[DATA EXCERPT]
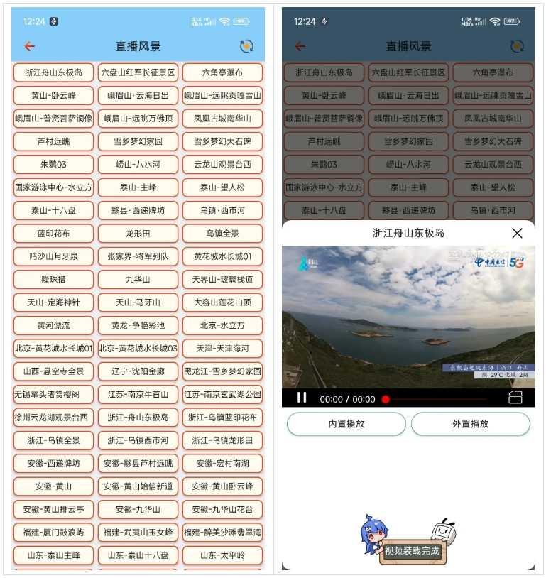 还可以看全国大几十个景区的摄像头直播!
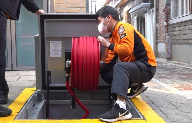 성북소방서(서장 김윤섭)는 지난달 22일 오후 성북구 돌곶이시장 내 바닥에 매설하는 비상소화장치를 설치해 시장 상인을 대상으로 사용법 교육하고 홍보 영상을 촬영했다. 소방서는 수도권 방역지침에 따라 다수의 인원을 대상으로 교육이 어려워 별도의 사용법 영상...
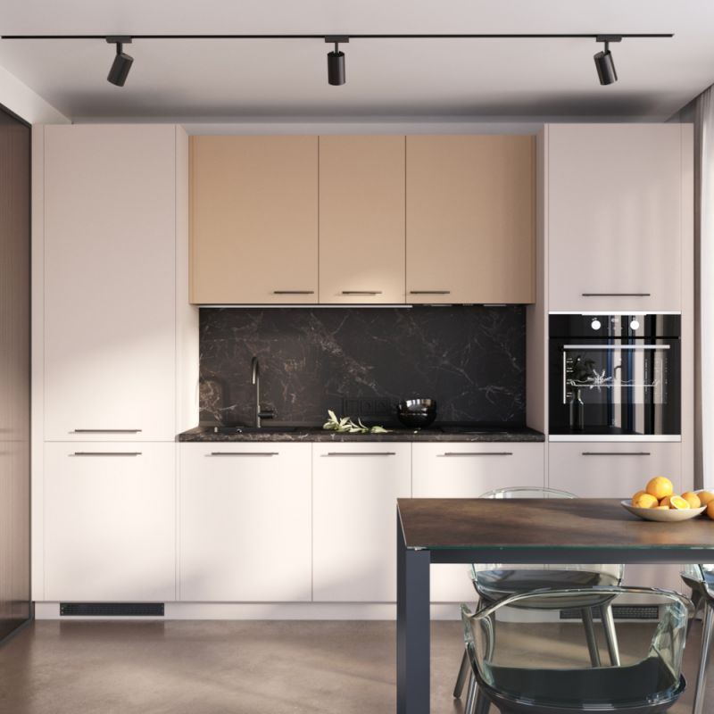 To create a special atmosphere in the kitchen, we took care of its "lightness". Simple linear configuration, convenient arrangement of modules, capacious pencil cases and concise handles. Exactly what is needed. Gray-beige facades add weightlessness to the design. This is our recipe for harmony.
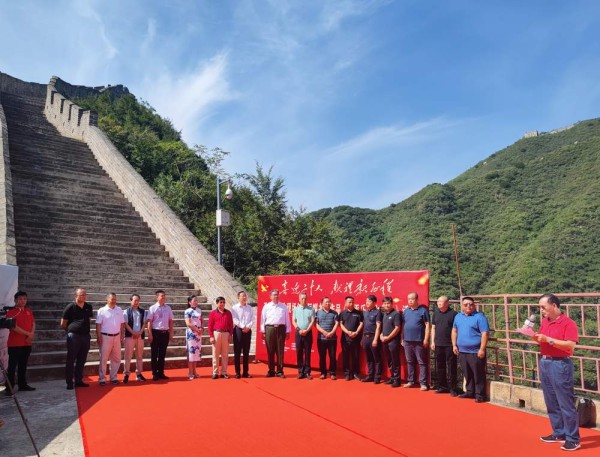 作品前合影 近年来,我们依托‘长城文化带’先后推出了‘梅花长城’、‘本草长城’、‘七彩长城’、‘红色长城’文化长城四部曲,并使之成为了怀柔长城的历史底片、长城旅游的名片、长城精神的芯片。景区党支部在上级党委的领导和支持下,认真学习党的十九大精神,以‘宣讲红色故事,弘扬红色文化,传承红色基因’为己任,结合当地实际,挖掘当地‘平北抗日第一枪’的红色资源,创办了‘长城红馆’,为党员和青少年提供一个回顾历史、不忘初心、牢记使命、传承红色基因的学习阵地,让红色基因代代相传。
[/DATA EXCERPT]
### WHAT YOU SHOULD DO
An exact copy of the listing above, minus its pictures, is what is needed here.

### ANSWER TO THIS EXERCISE
 还可以看全国大几十个景区的摄像头直播!
 성북소방서(서장 김윤섭)는 지난달 22일 오후 성북구 돌곶이시장 내 바닥에 매설하는 비상소화장치를 설치해 시장 상인을 대상으로 사용법 교육하고 홍보 영상을 촬영했다. 소방서는 수도권 방역지침에 따라 다수의 인원을 대상으로 교육이 어려워 별도의 사용법 영상...
 To create a special atmosphere in the kitchen, we took care of its "lightness". Simple linear configuration, convenient arrangement of modules, capacious pencil cases and concise handles. Exactly what is needed. Gray-beige facades add weightlessness to the design. This is our recipe for harmony.
 作品前合影 近年来,我们依托‘长城文化带’先后推出了‘梅花长城’、‘本草长城’、‘七彩长城’、‘红色长城’文化长城四部曲,并使之成为了怀柔长城的历史底片、长城旅游的名片、长城精神的芯片。景区党支部在上级党委的领导和支持下,认真学习党的十九大精神,以‘宣讲红色故事,弘扬红色文化,传承红色基因’为己任,结合当地实际,挖掘当地‘平北抗日第一枪’的红色资源,创办了‘长城红馆’,为党员和青少年提供一个回顾历史、不忘初心、牢记使命、传承红色基因的学习阵地,让红色基因代代相传。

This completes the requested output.